In the past five years, the food supply chain has grappled with a dizzying series of shocks from a global pandemic to Russia's invasion of Ukraine, Trump's trade war, and conflict in the Persian Gulf, where a narrow strip of water is now holding the world's economy hostage. Against this backdrop, food security has rapidly moved up the agenda, says Mayo Schmidt, a former president and CEO at fertilizer giant Nutrien, who is now leading efforts to build a potash mining operation in Brazil as executive chairman at Brazil Potash.
The business case is clear, he says. A global agricultural powerhouse, Brazil accounts for almost a quarter (22%) of global demand for potash, which supplies crops with potassium. But it is reliant on imports for a whopping 98% of its needs, despite sitting on one of the world's largest undeveloped potash basins in its own backyard.
Toronto-based Brazil Potash—which is raising funds to mine a potash basin in northwest Brazil—is designed to reduce this reliance, providing Brazil's farmers with lower-cost potash transported on barges via an inland river system in partnership with ag commodities giant Amaggi.

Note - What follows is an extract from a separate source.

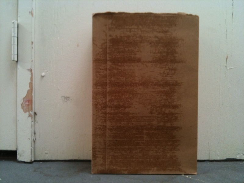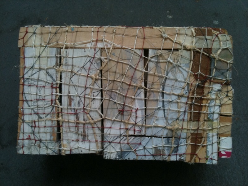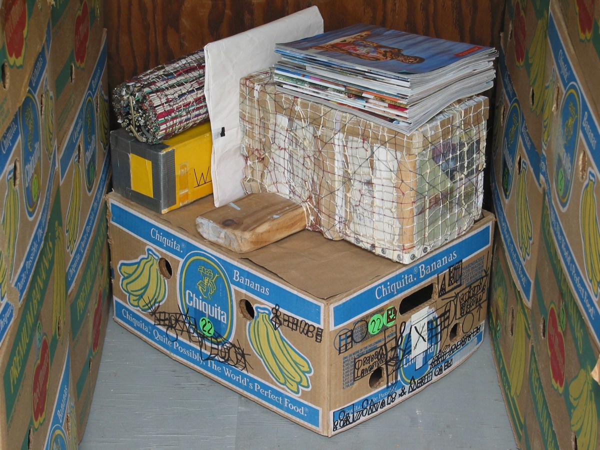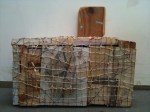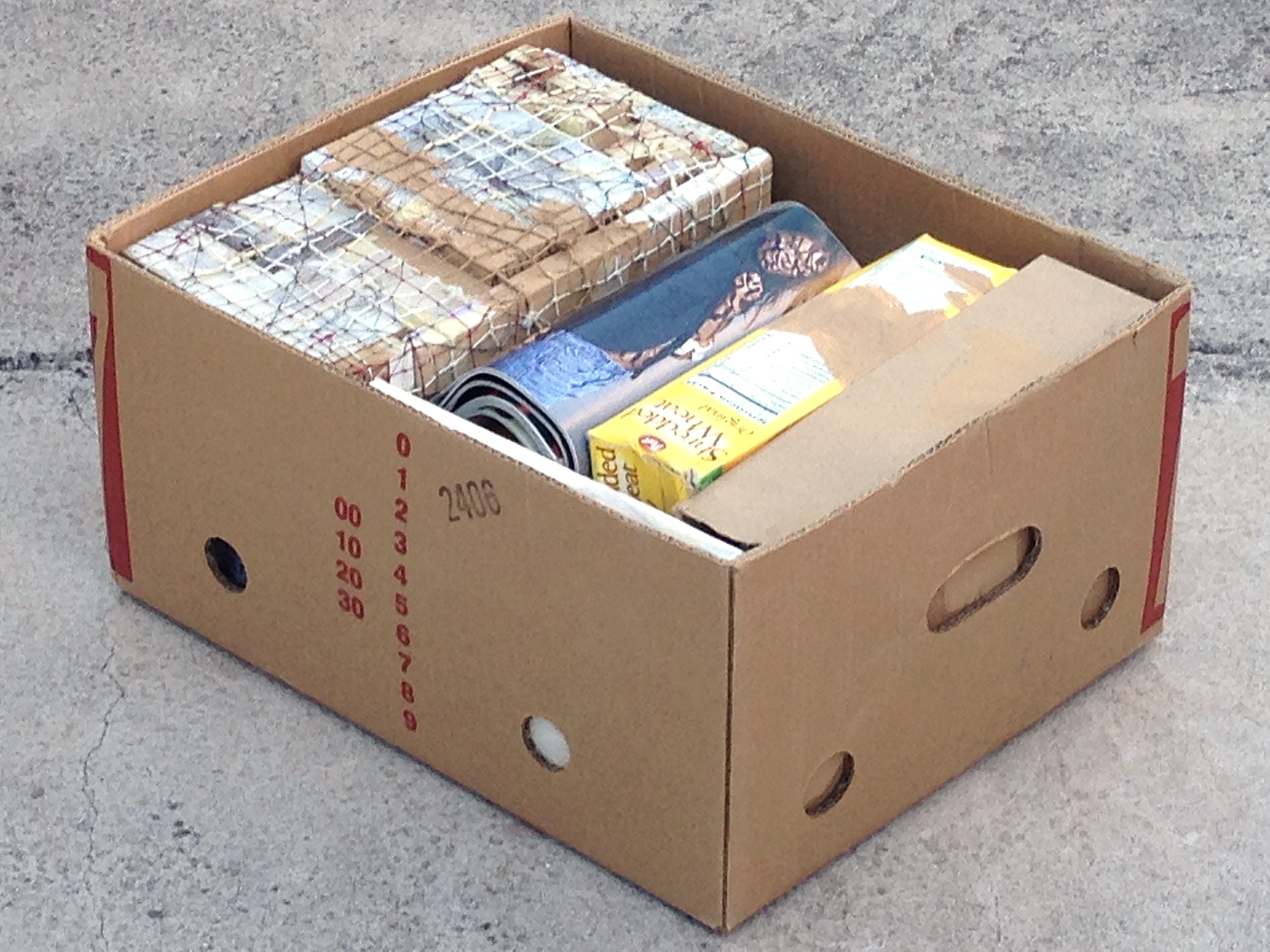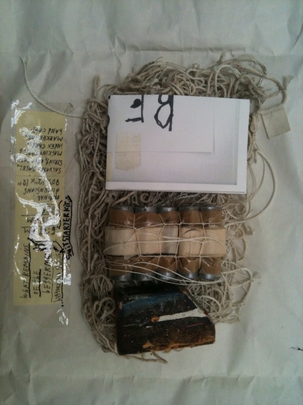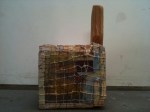 PURPLE TISSUE PAPER WITH SOMETHING IN IT (see BOX #48) A SHREDDED WHEAT BOX FULL OF MORE PROUD AMERICANS IN OUR STRUGGLE TO PROTECT THE HOMELAND (see BOX #48) HORIZONTALS & VERTICALS; 2004; 13 1/4″x 14 1/4″x 8 1/2″; 2 (bad) acrylic paintings, from 2000, on wood, reconfigured into 1 sculpture; tapestry needle, upholstery thread, nylon string, sisal, graphite, acrylic, masking tape, 10 screws, 2 L-shaped metal braces. WHAT REMAINS OF THE BEGGERMAN…BEGGERMAN GHILLIE SUIT STARTER KIT…6:38 P.M. 6:38 A.M. BEG; fully dissembled Spring/Summer 2006 into current size, 10 3/4″x 10 1/8″x 1 1/4″ (closed), ink, black tape, newsprint & 28 1/4″x 29 1/2″x 1 1/4″ (open), newsprint, ink, yellow post-its, clear tape, cotton & nylon string, upholstery thread, wood block with paint, masking tape, brown tape, 100 MPH tape, color photocopy. In 2002 I happened upon a heavy wooden easel in a big trash dumpster…it was missing a couple of small parts. I salvaged it thinking I’d repair it and return it to the world of painters. It took up too much of my space so I dissembled it and stacked the heavy paint-stained wood parts, then propped it up in a corner…it stood there 80″x 12″x 4″ or so…hard quiet elongated figure…this reminded me of a seemingly homeless man that I ocassionally saw in NYC that silently begged at the NJ Path Train stations between Christopher St. and 34th St…he wore a faded red puffy down jacket…every few weeks I’d see him and each time I’d see him he’d be thinner..the last time I saw him it looked like a jacket hovering empty without him…he had disappeared…I never got around to fixing the easel and I got used to it as the beggerman…I noticed on my digital clock that at 6:38, if you read it upside-down, it reads “Beg”…so, the beggerman begged in 12-hour shifts…6:38 a.m. to 6:38 p.m. and so on…I sturdied him up with a little tape and some string tieing…then 1 day I decided to let him go…so, I cut him loose, loaded him into my Corolla and took him back to his dumpster…and threw him in…and, so…this is what remains of the beggerman. One day, if I’m brave enough, I will put the wood block and tape cartridge in my belt and I will drape the rest over me and disappear. WIRY SECTION; Spring 2004; box is 13 7/8″x 4 1/2″x 4 1/2″ and 12″x 4 1/2” diameter is the other; box is a cut-down photo paper box with ink and clear & duct tape…the other is various wires, string, upholstery thread. MORE PROUD AMERICANS SERVE STRUGGLE TO PROTECT HOMELAND; ongoing since 2006; paper, ink, tape; fits inside large powdered milk box. 28 MORE PROUD AMERICANS SERVE STRUGGLE TO PROTECT HOMELAND; thu09:26:25pm23jul2015 (part of larger artwork ongoing since 2006); paper (aug2015 J. Crew style guide), ink (Sharpie) 10x8x.25 inches. 31 MORE PROUD AMERICANS SERVE STRUGGLE TO PROTECT HOMELAND; tue10:09:42pm18aug2015 (part of larger ongoing patriotic artwork since 2006) ; paper (sep2015 J. Crew style guide), ink (Sharpie) 10x8x.25 inches. 24 MORE PROUD AMERICANS SERVE STRUGGLE TO PROTECT HOMELAND; wed09:19:41pm23sep2015 (part of larger ongoing patriotic artwork since 2006) ; paper (oct2015 J. Crew style guide), ink (Sharpie) 10x8x.25 inches. 21 MORE PROUD AMERICANS SERVE STRUGGLE TO PROTECT HOMELAND; fri10:33:05pm23oct2015 (part of larger ongoing patriotic artwork since 2006) ; paper (nov2015 J. Crew style guide), ink (Sharpie) 10x8x.25 inches.

"First, the global potash market is highly concentrated today," says Schmidt. "There are three [leading] suppliers [Nutrien, Mosaic, Belaruskali], and they operate through trading agencies. So fundamentally, you have two sellers [Canpotex and the Belarusian Potash Company], which creates oligopoly pricing power. Second, if you're in Brazil, it takes 107 days from origin [from, say, Canada] to get to market."